The Maltese Goddess de Lyn Hamilton

The Maltese Goddess

Le vendredi 22 juin 2007 par Sheherazade

Lorsque Lara McClintoch arrive dans la villa de son commanditaire dans l’île de Malte afin de surveiller la livraison des très beaux meubles antiques, elle ne s’attendait certainement pas à le trouver mort, poignardé, dans un meuble qui de surcroît ne figurait même pas sur la commande ! Cela vous fiche quelques moments de vacances en l’air, c’est évident !

Pourtant tout avait bien commencé : Galea, l’un des architectes de Toronto les plus en vue de son temps, avait passé une très belle commande, en compagnie de sa très timide épouse. Il lui proposa donc de surveiller la livraison et la mise en place du mobilier dans sa nouvelle villa, jusqu’à son arrivée mais le moins que l’on puisse dire c’est que celle-ci fut une surprise pour tous ! Encore heureux que la mort remonte à la veille sinon la jeune antiquaire serait en tête de la liste des suspects de l’inspecteur Tabone de la police maltaise. Quelques faits étranges s’étaient déjà produit au cours des soirées précédentes, toutefois la jeune femme a préféré les ignorer et faire un peu de tourisme en attendant les meubles, ce qui lui a permis d’assister à une conférence de Miss Anna Stanhope, féministe enragée et néamoins professeur d’art et d’histoire très érudite. L’antiquaire a même accepté de travailler avec Miss Stanhope à la préparation du spectacle qui doit se produire devant le premier ministre et ses visiteurs. Hélas, là aussi bien des problèmes commencent à se poser : vandalisme, costumes abîmés, collaborateur blessé comme par hasard au moment le plus inopportun.
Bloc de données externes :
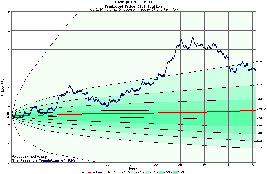 The following graph plots the year-to-date performance of the stock for 1993 compared to the probability calculated by a random walk model.

Sans oublier un personnage bizarre et inquiétant, probablement chasseur de trésor, que Lara rencontre comme par hasard lors de ses déplacements sur l’île.

L’enquête sur la mort de l’architecte Galea n’avance pas fort, Lara comme à l’accoutumée va se transformer en détective-amateur, malgré la présence d’un Mountie, envoyé tout spécialement de Toronto pour surveiller l’enquête, après tout l’architecte était un ressortissant canadien très apprécié et très mondain.

Peu à peu, elle va glâner des indices en discutant avec les gardiens de la villa, en se rendant dans le village maltais d’où Galea était originaire. Ce qui est plus inquiétant aussi, est la disparition à Toronto de l’épouse de Galea. Après avoir aussi figuré sur la liste des suspects, la police finit par conclure que peut-être la jeune femme s’étant trouvé au mauvais endroit au mauvais moment a été elle aussi liquidée par le ou les assassin(s) de son époux. Bref tout le monde patauge, sauf Miss Stanhope qui vient de rencontrer un homme charmant grâce à qui le spectacle semble enfin prendre une bonne tournure. C’est au cours dudit spectacle que les choses vont prendre une tournure des plus dramatiques dont les responsables seraient peut-être parmi les proches du premier ministre.

Présenté comme un « polar archéologique », ce petit roman très, mais alors vraiment très, prévisible se laisse lire grâce à l’humour qu’il contient mais certainement pour l’histoire policière ; si Lara McClintoch, antiquaire à Toronto, est connue pour aimer jouer les détectives-amateurs, il lui faut quand même 200 pages pour comprendre ce que j’avais mis 30 pages à deviner. Une trentaine de pages plus loin j’avais compris d’autres choses qu’elle-même ne comprendra qu’à la fin du roman.

L’agrément principal de ce polar, en dehors de l’humour, sont les très jolies promenades dans l’île de Malte, les descriptions du paysage, le pittoresque des personnages. Ceci est le second polar de Lyn Hamilton que je lis ; comme dans « The Celtic Riddle », elle mélange quelques éléments d’archéologie (mais peu) , comme dans « The Celtic Riddle », je reste sur ma faim.